Since 2*2 != 2*4, reshaping is impossible. Output: [[1,2],[3,4]]

Complexity Analysis

Measure Complexity Explanation
Time O(m * n) Each element is visited once to place it in the reshaped matrix.
Space O(1) extra No additional data structures proportional to input size are used; reshaped matrix is output space.

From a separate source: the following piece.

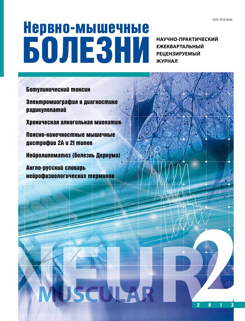 «Нервно-мышечные болезни» - ежеквартальный цветной научно-практический рецензируемый журнал. Основан в 2011 г. Официальное издание Региональной общественной организации «Общество специалистов по нервно-мышечным болезням» (ОСНМБ). Целевая читательская аудитория: неврологи, клинические нейрофизиологи, нейроиммунологи, генетики, реабилитологи, нейрохирурги, ревматологи, морфологи, педиатры. Контент: Информация о современных методах диагностики и лечения нервно-мышечных заболеваний, а также другие актуальные вопросы неврологии. Лекции, обзоры, дискуссионные статьи, результаты оригинальных исследований, случаи из практики и рекомендации по использованию современных алгоритмов диагностики и лечения, опыт использования лекарственных средств, отчеты о заметных мероприятиях в области нервно-мышечных заболеваний и общей неврологии, а также страницы истории.

The linear scan ensures we only visit each element once, and the index mapping eliminates the need for temporary flattening.

Test Cases

# Provided examples
assert Solution().matrixReshape([[1,2],[3,4]], 1, 4) == [[1,2,3,4]]  # reshape into 1 row
assert Solution().matrixReshape([[1,2],[3,4]], 2, 4) == [[1,2],[3,4]]  # invalid reshape

# Edge cases
assert Solution().matrixReshape([[1]], 1, 1) == [[1]]  # 1x1 matrix, same size
assert Solution().matrixReshape([[1,2,3]], 3, 1) == [[1],[2],[3]]  # flatten 1 row to 3 rows
assert Solution().matrixReshape([[1],[2],[3]], 1, 3) == [[1,2,3]]  # flatten 3 rows to 1 row
assert Solution().matrixReshape([[1,2],[3,4]], 4, 1) == [[1],[2],[3],[4]]  # 2x2 to 4x1
assert Solution().matrixReshape([[1,2],[3,4]], 1, 5) == [[1,2],[3,4]]  # impossible reshape
Test Why
1x1 matrix Minimal input size
1 row to multiple rows Tests row-to-column flattening
Multiple rows to 1 row Tests column-to-row flattening
2x2 to 4x1 Reshape to a column vector
Impossible reshape Confirms correct handling of invalid reshapes

Edge Cases

Single-element matrix: A matrix with only one element should be handled correctly regardless of target dimensions. Since m * n equals 1, reshaping to 1x1 works, but anything else should return the original matrix.

Reshape to a single row or column: Flattening a matrix to a single row or a single column can reveal off-by-one errors in index calculations. Using integer division and modulo ensures that both i // c and i % c map correctly.

Impossible reshape: When r * c does not equal m * n, it is easy to forget to check this condition and attempt to build an invalid matrix. Returning the original matrix immediately avoids unnecessary computations and errors.